FDA acknowledges that pediatric study design and other variables may change as new data is obtained and suggests that the iPSP pediatric study plan be “based upon current knowledge of the drug and disease epidemiology.” Sponsors can also include information about plans to submit a future proposed pediatric study request (PPSR) separate from the iPSP, or submit amendments to agreed iPSPs to FDA at any time.

Who Must Submit an Initial Pediatric Study Plan?

Under the final guidance, sponsors must submit an iPSP if they are planning to submit a marketing application (or supplement) for any of the following:

  • New active ingredient
  • New indication
  • New route of administration
  • New dosing regimen
  • New dosage form
  • Drugs developed specifically for use in pediatric patients.

Biosimilar products that FDA has not deemed interchangeable with a reference product are considered to have new active ingredients.

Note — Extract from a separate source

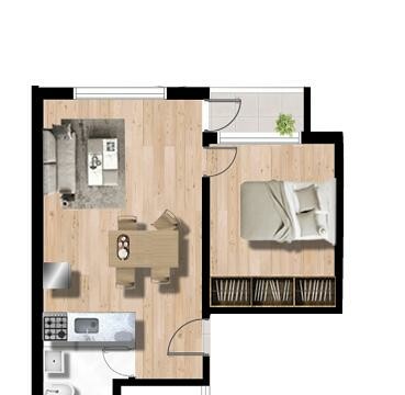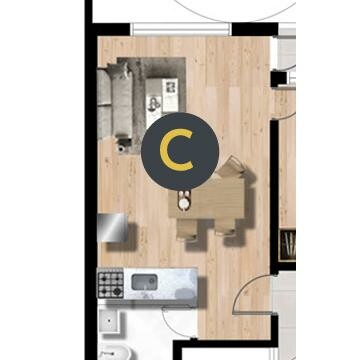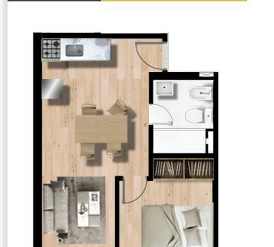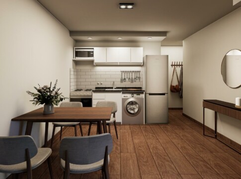 Se desarrolla en planta baja local comercial y acceso a cocheras. Unidades monoambientes y 1 dormitorio.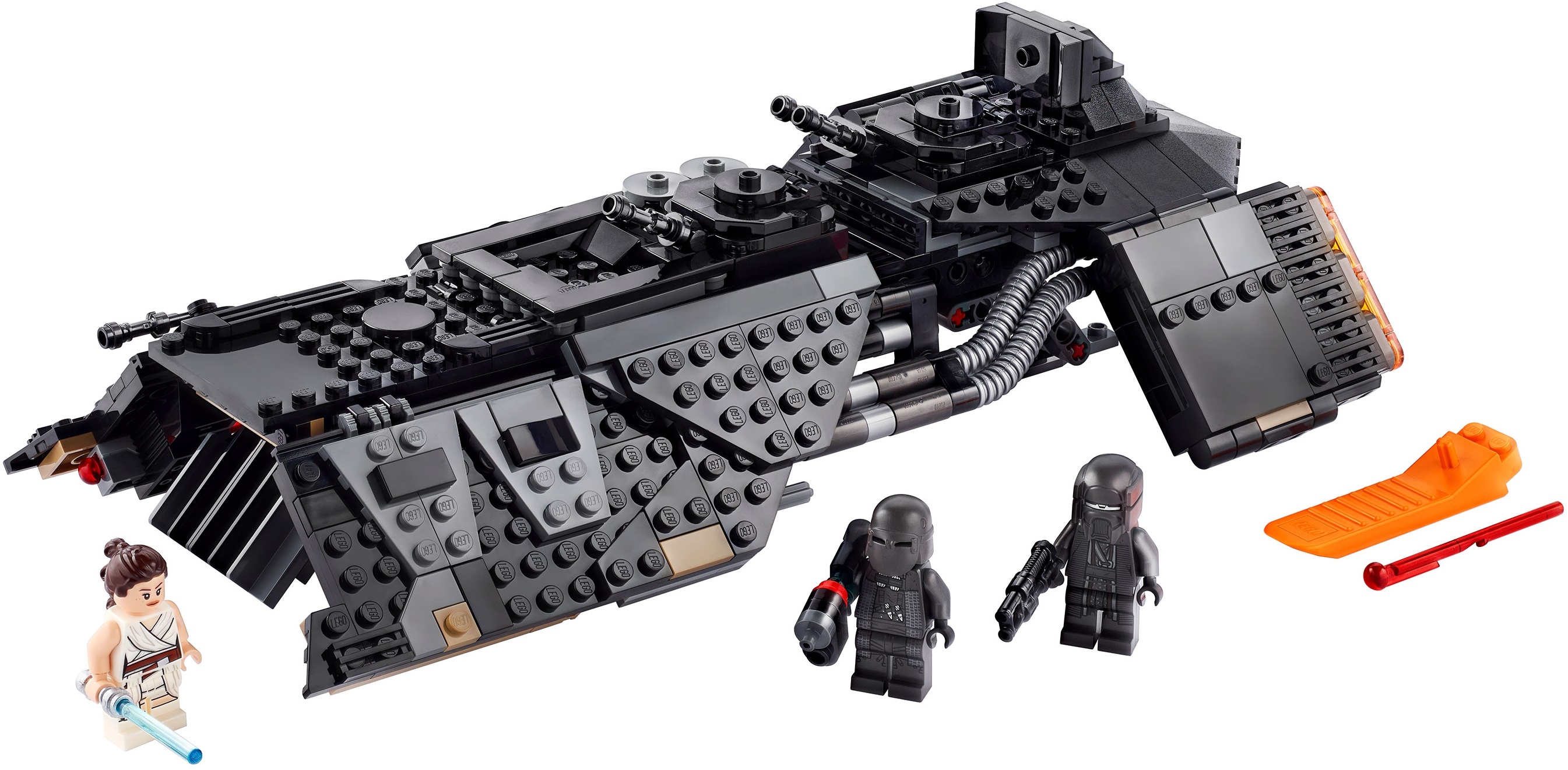 Конструктор Лего Звездные войны 75284 состоит из 595 деталей, из которых собирается злодейский космический корабль достаточно внушительных размеров, а также 2 минифигурки рыцарей Рена и минифигурка Рей. Минифигурки героев максимально детализированы и полностью повторяют образ своих героев из фильма. Рей одета в белый костюм и вооружена световым посохом. Рыцари вооружены мощными бластерами и защищены черными шлемами.

Even if FDA has previously granted a waiver or deferral for the same drug under PREA, sponsors should submit an iPSP for any new application or supplement that is subject to PREA.

No iPSP is required if the drug is for an indication that has been granted orphan designation – unless:

  1. The application is for a new active ingredient intended to treat adult cancer that is directed at a molecular target determined to be substantially relevant to the growth or progression of a pediatric cancer, AND
  2. The sponsor plans to submit an original application on or after August 18, 2020.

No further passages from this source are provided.